All of the work underway in Dutcher’s studio grapples in some way with notions of loss, transience and the passing of a somehow utopian moment. One wall is lined with a series of all white paintings, each of which is layered with chunky white cardboard cut outs of the letters E, N, and D — which spell “end,” of course, but also “eden.” Stacked along the floor of that wall is another series of canvases in which Dutcher has layered words from song lyrics and the names of former lovers in black paint over one another again and again, so densely that they became illegible.


The utopian moment is an ongoing interest, visible in his attraction to the Russian avant garde and his experience of the punk scene. On a recent visit to the Oregon coast, he says, he was moved by the sight of so many dilapidated vacation homes. “At one point, this family thought this house would be a beautiful thing they would use all the time,” he says. “But then over the years things happen — divorce, money problems, kids move away. This utopian moment is gone but the structure still holds the original idea. That’s interesting to me. I think my paintings are kind of like that.”

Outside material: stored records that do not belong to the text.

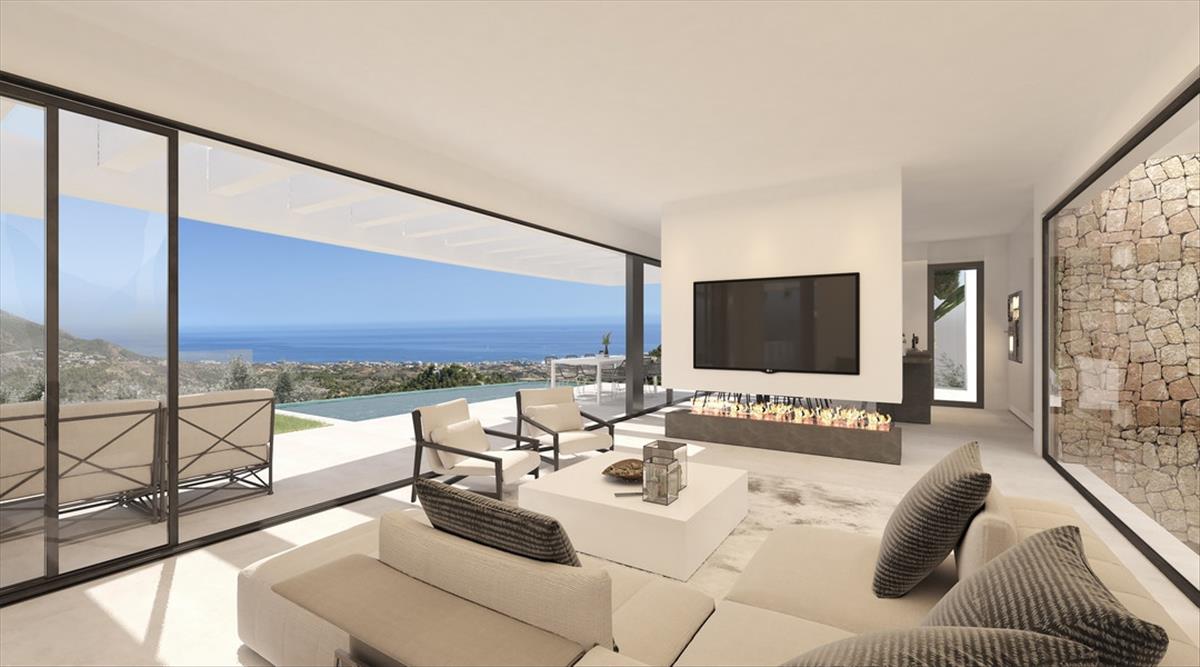 Új Villa projekt spectacular teljes panorámás kilátás nyílik a tengerre, hegyekre és völgyekre, végtelen medencével. a villa található Mijas Pueblo, ahol megtalálható minden típusú szolgáltatások.
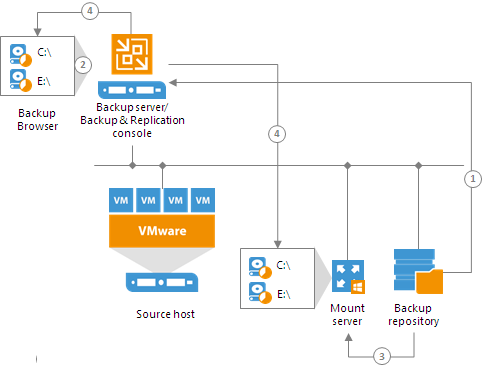 - When the restore process is finished or the Veeam Backup browser is closed by timeout, Veeam Backup & Replication removes mount points from the backup server or machine on which the Veeam Backup & Replication console is installed and from the mount server (if the second mount was used).
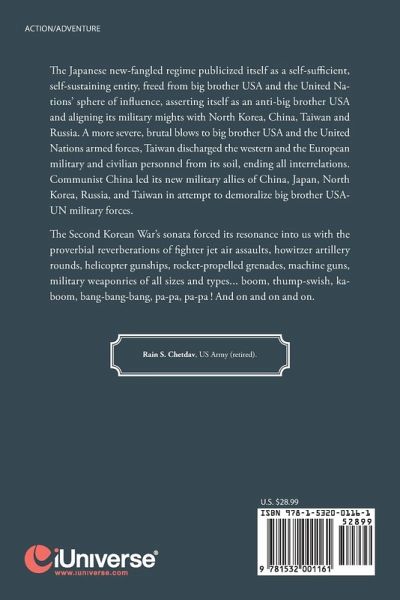 The Japanese new-fangled regime publicized itself as a self-sufficient, self-sustaining entity, freed from big brother USA and the United Nations’ sphere of influence, asserting itself as an anti-big brother USA and aligning its military mights with North Korea, China, Taiwan and Russia. A more severe, brutal blows to big brother USA and the United Nations armed forces, Taiwan discharged the western and the European military and civilian personnel from its soil, ending all interrelations. Communist China led its new military allies of China, Japan, North Korea, Russia, and Taiwan in attempt to demoralize big brother USA-UN military forces. The Second Korean War’s sonata forced its resonance into us with the proverbial reverberations of fighter jet air assaults, howitzer artillery rounds, helicopter gunships, rocket-propelled grenades, machine guns, military weaponries of all sizes and types... boom, thump-swish, ka-boom, bang-bang-bang, pa-pa, pa-pa ! And on and on and on.
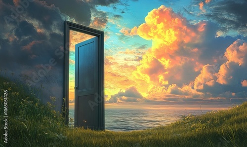 An open door reveals a stunning view of the ocean and colorful clouds, highlighting a serene moment on a grassy hilltop
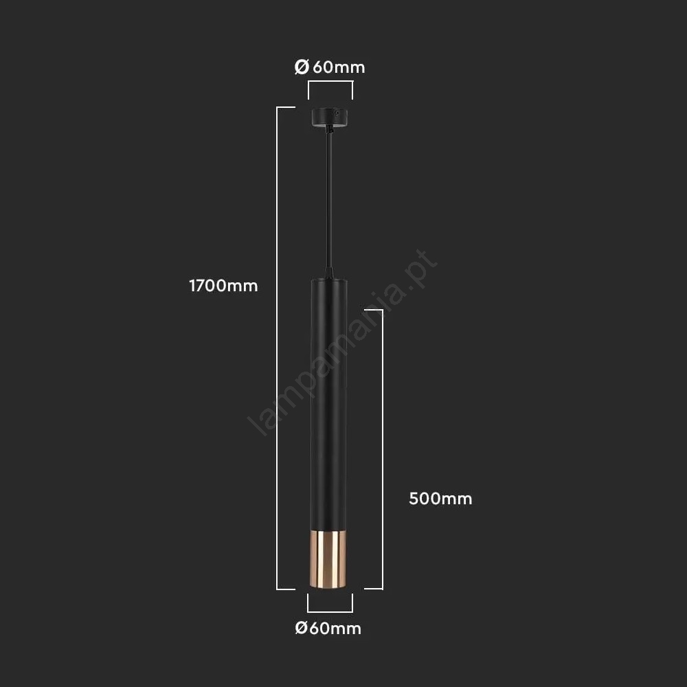 Candelabro suspenso 1xGU10/35W/230V 50 cm preto/dourado caracteriza-se por um design agradável e funcional.  Uma lâmpada com casquilho GU10 é adequada para a iluminação Aqui, pode comprar outras lâmpadas a preços vantajosos. Terá um complemento interessante para a sua casa.
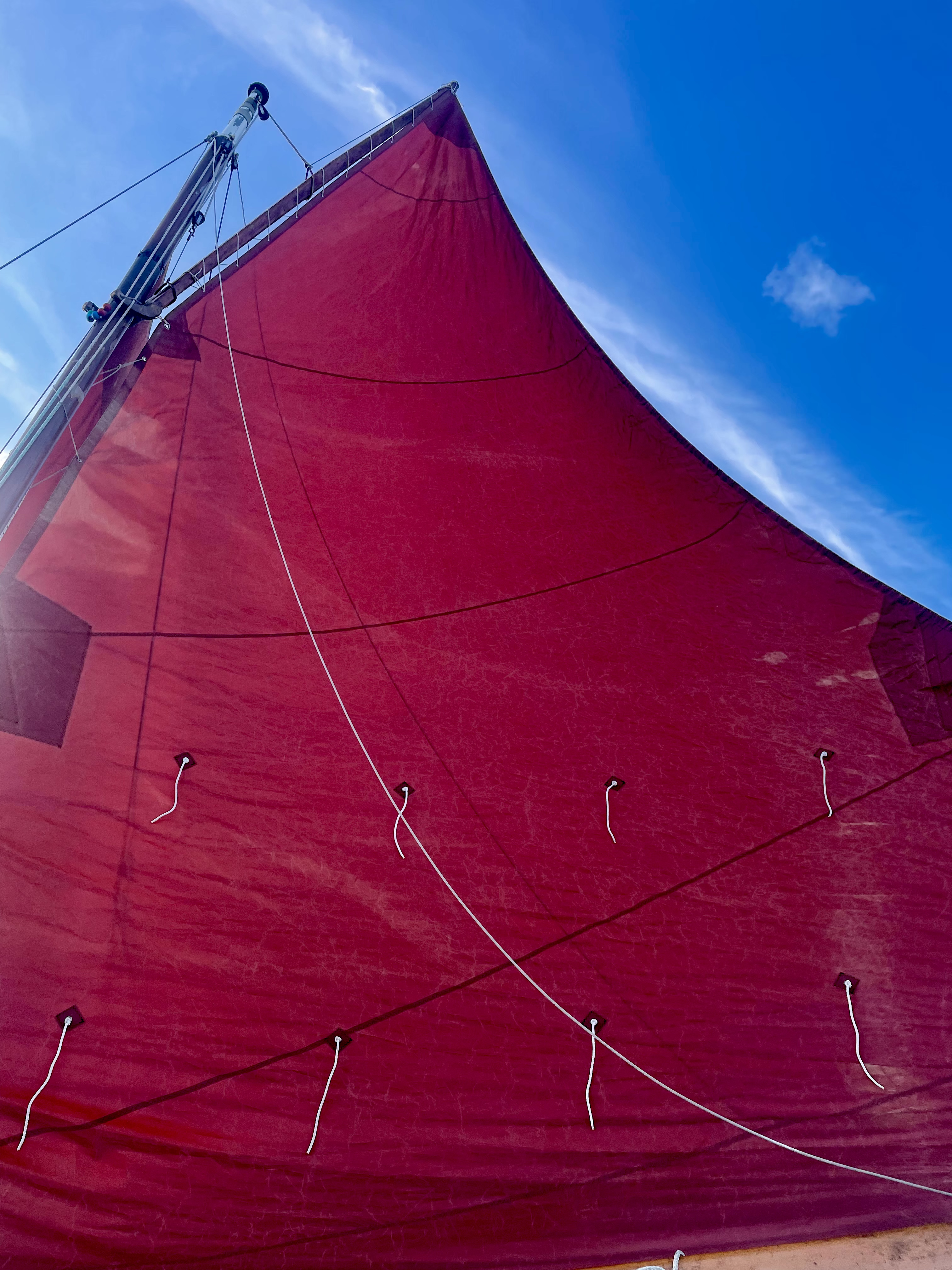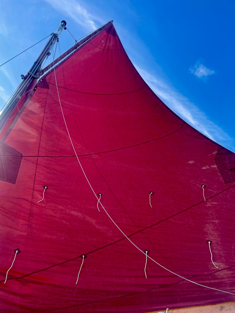 I stop the motor and we glide away. I re-attack the halyards and now mysteriously I can pull both the throat and peak up a vital 6 inches. The mainsail is perfectly set.

Of the many artists Dutcher mentions as influences — Rothenberg, Philip Guston, Yves Klein, Lucio Fontana — the most surprising may be Fra Angelico, the 15th century Italian painter and Dominican friar known for some of the most movingly humane religious scenes of the early Renaissance.

When asked if he considers his own work to be spiritual, he answers unequivocally. “I do feel like there’s a spiritual connection to the work,” he says. “Or maybe it’s just the life of a person making something here on earth. What is my purpose? Why am I doing this? Who am I and what is my connection to the larger picture?” He comes back again and again, he says, to the notion of the artist at work in the studio. “I find something very beautiful in that. There will be more artists after me. I’m just a small part of this bigger picture. That is very important to me as an artist.”